Two former Goldman Sachs employees are suing the investment bank for gender discrimination. And according to Bloomberg Businessweek, Cristina Chen-Oster and Shanna Orlich have recently filed papers requesting class status. If granted, Goldman Sachs won’t have just one employment lawsuit on its hands, but the cases of thousands of women.
Many people aren’t surprised by the women’s “boy’s club” allegations. This isn’t the first time a major financial institution has come under scrutiny for workplace discrimination charges. But just because behavior is common doesn’t mean it’s legal.
Goldman Sachs denies the allegations. But even if a judge determines that the company did nothing wrong, the lawsuit is still going to cost them money.
What Are the Grounds for a Gender Discrimination Case?
In the United States, there are laws that protect certain groups of employees from workplace discrimination. Under these laws, women can’t be treated differently from their male counterparts simply for being women. (Check out “Employment Discrimination Lawsuits: Case Studies” for more real-world examples.)
But what are the telltale signs of gender discrimination? Take a look:
- Wage discrepancies. Female employees cannot be paid less than their male counterparts for doing similar work. The Goldman Sachs lawsuit alleges that female employees are paid up to 21 percent less than their male colleagues with comparable experience.
- Unfair promotions. Women who qualify for promotions cannot be passed up for advancement simply for being female. Women were promoted “more slowly and more reluctantly than men” at Goldman Sachs, according to the lawsuit.
- Hostile work environments. Workplaces and their culture cannot create an environment that is hostile to women. The Goldman Sachs lawsuit mentions numerous occasions were strip club outings promoted a “boy’s club” atmosphere.
- Punishment for pregnancy. Women cannot be punished or fired for having children. The lawsuit notes that women at Goldman Sachs saw their responsibilities diminished after becoming mothers.

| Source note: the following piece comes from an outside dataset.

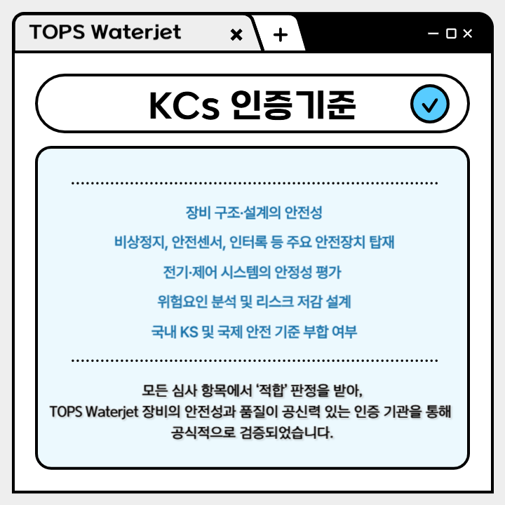 TOPS에서는 아래와 같은 모든 기준을 충족하여 KCs 인증을 받았습니다.

Someone might argue that some of these situations seem hard to prove. For instance, a woman might think she was unfairly passed up for a promotion when really her boss chose a more qualified candidate.
Problems arise when employers cannot support their decisions and when evidence suggests that the only difference between one employee and a promoted employee is gender. Goldman Sachs’s promotion decisions appear opaque to employees. And unless the company has documented proof to substantiate the slow advancement of its female employees, it could be found guilty of gender discrimination.
What Can Small Businesses Do to Avoid Gender Discrimination Lawsuits?
Discrimination lawsuits are not just an issue for big businesses. Even the smallest employers can be accused of gender discrimination. That’s why it’s important for small-business owners to…
- Review employment laws.
- Train employees in workplace discrimination and harassment prevention.
- Create and follow written protocol that actively discourages discriminatory practices.
- Keep documentation for all employment decisions, including hiring, firing, training, and promotions.
For more tips, read “How Small-Business Owners Can Prevent Employee Discrimination Lawsuits.”
Keep in mind that employees can sue you for discrimination even when you’ve taken preventative measures to avoid such claims. That’s why small businesses often carry Employment Practices Liability Insurance. This insurance policy covers the expenses of an employment discrimination lawsuit, including lawyer fees, judgments, and settlements.